Perang Dagang Ditunda, Emas Jadi Pilihan Investor
JAKARTA, investortrust.id - Harga emas dunia melesat ke level US$ 2.814 per troy ons Selasa, (4/2/2025) karena meningkatnya permintaan terhadap aset safe-haven seiring investor mencerna penundaan kebijakan tarif Presiden Amerika Serikat (AS) Donald Trump.
Dalam riset Indonesia Commodity and Derivative Exchange (ICDX), Presiden Donald Trump pada Senin (3/2/2025) menyetujui penangguhan 30 hari mengenai ancaman tarifnya terhadap Meksiko dan Kanada sebagai dua mitra dagang terbesar Amerika mengambil langkah-langkah untuk meredakan kekhawatiran mengenai keamanan perbatasan dan perdagangan narkoba.
Sebelumnya pada Sabtu (1/2) lalu, Amerika Serikat telah mengumumkan tarif sebesar 25% untuk barang-barang dari Kanada dan Meksiko, dan 10% untuk barang-barang dari China, yang akan mulai berlaku pada hari ini.
Baca Juga
"Namun, keputusan untuk menunda kebijakan ini pada akhirnya memunculkan kekhawatiran perang dagang yang mengguncang pasar logam mulia, dengan harga emas dan perak AS melonjak di atas standar internasional dalam beberapa pekan terakhir," tulis riset ICDX, Selasa (4/2/2025).

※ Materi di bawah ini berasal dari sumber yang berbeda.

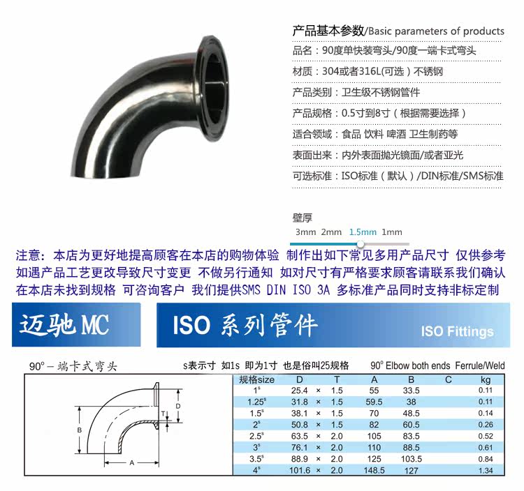 Гигиена быстро -загруженная локоть/нержавеющая сталь. Одиночная сварка локоть/304 Быстрая загрузка локоть/одно быстрое 90 -градусный разъем
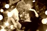Romantic senior couple dancing together at dance hall
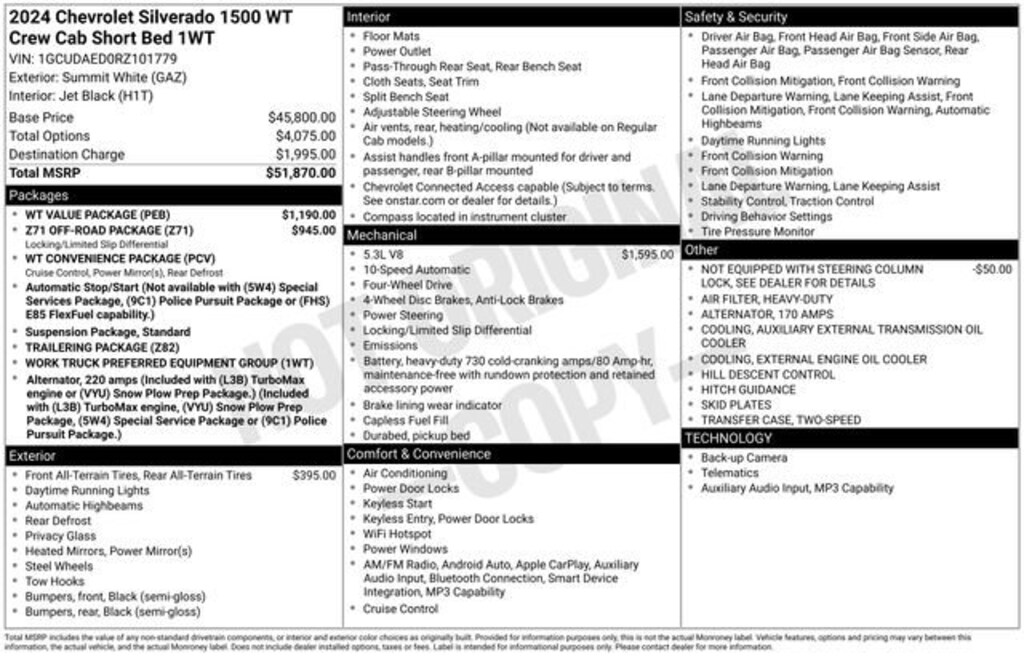 Recent Arrival! CARFAX One-Owner. Clean CARFAX.*** WE DELIVER ***Summit White 2024 Chevrolet Silverado 1500 WT 4D Crew Cab EcoTec3 5.3L V8 10-Speed Automatic 4WD170 Amp Alternator, 220 Amp Alternator, 3.5 Monochromatic Display Driver Info Center, 4-Wheel Disc Brakes, 40/20/40 Front Split-Bench Seat, 6 Speakers, 6-Speaker Audio System, ABS brakes, Air Conditioning, Auto High-beam Headlights, Auto-Locking Rear Differential, Automatic Emergency Braking, Auxiliary External Transmission Oil Cooler, Black (Semi-Gloss) Front Bumper, Black (Semi-Gloss) Rear Bumper, Black Manual Outside Mirrors, Bluetooth® For Phone, Brake assist, Chevrolet Connected Access Capable, Compass, Deep-Tinted Glass, Delay-off headlights, Driver door bin, Dual front impact airbags, Dual front side impact airbags, Electric Rear-Window Defogger, Electrical Steering Column Lock, Electronic Cruise Control, Electronic Stability Control, External Engine Oil Cooler, Following Distance Indicator, Forward Collision Alert, Front anti-roll bar, Front Center Armrest w/Storage, Front Frame-Mounted Black Recovery Hooks, Front Pedestrian Braking, Front reading lights, Front wheel independent suspension, Fully automatic headlights, HD Rear Vision Camera, Heated Power-Adjustable Outside Mirrors, Heavy-Duty Air Filter, Hill Descent Control, Hitch Guidance, Illuminated entry, Inside Rear-View Mirror w/Tilt, IntelliBeam Automatic High Beam On/Off, Lane Keep Assist w/Lane Departure Warning, Locking Tailgate, Low tire pressure warning, Manual Tailgate Function w/No EZ Lift, Manual Tilt Wheel Steering Column, Not Equipped w/Steering Column Lock, Occupant sensing airbag, Off-Road Suspension, OnStar & Chevrolet Connected Services Capable, Outside temperature display, Overhead airbag, Overhead console, Panic alarm, Passenger door bin, Passenger vanity mirror, Power Front Windows w/Driver Express Up/Down, Power Front Windows w/Passenger Express Down, Power Rear Windows w/Express Down, Power steering, Power windows, Preferred Equipment Group 1WT, Premium audio system: Chevrolet Infotainment 3, Radio data system, Radio: Chevrolet Infotainment 3 System, Rear 60/40 Folding Bench Seat (Folds Up), Rear reading lights, Rear step bumper, Remote Keyless Entry, Remote keyless entry, Rubberized-Vinyl Floor Covering, SiriusXM Delete, Solar Absorbing Tinted Glass, Speed-sensing steering, Split folding rear seat, Standard Suspension Package, Standard Tailgate, Tachometer, Tilt steering wheel, Traction control, Trailering Package, Trip computer, Variably intermittent wipers, Vinyl Seat Trim, Voltmeter, Wheels: 17 x 8 Ultra Silver Painted Steel, Wi-Fi Hot Spot Capable, WT Convenience Package, WT Value Package, Z71 Off-Road Package.

Akibatnya, para dealer dan pedagang membawa logam mulia dalam jumlah besar ke AS sebelum tarif diberlakukan. "Meski terdapat dampak negatif dari penguatan dolar pada pasar emas, harga emas telah mengalami kenaikan yang didorong oleh ketidakpastian seputar tarif Trump," ulas riset tersebut.
Baca Juga
Selain itu, investor menunggu data mengenai survei pembukaan pekerjaan dan perputaran tenaga kerja (JOLTS) untuk mengukur kesehatan perekonomian AS. Data pembukaan lowongan kerja AS tercatat meningkat menjadi 8,10 juta pada November 2024, angka ini lebih tinggi dari perkiraan analis sebesar 7,73 juta yang mengindikasikan pasar tenaga kerja masih memanas.
"Jumlah pembukaan lowongan kerja AS untuk Desember 2024 yang akan rilis malam ini diperkirakan turun tipis menjadi 8,01 juta," paparnya.
ICDX memprediksikan harga emas meningkat dengan support saat ini beralih ke area US$ 2.812 - US$ 2.805 dan resistance terdekat berada di area US$ 2.825 - US$ 2.831. Support terjauhnya berada di area US$ 2.792, sementara untuk resistance terjauhnya berada di area US$ 2.844.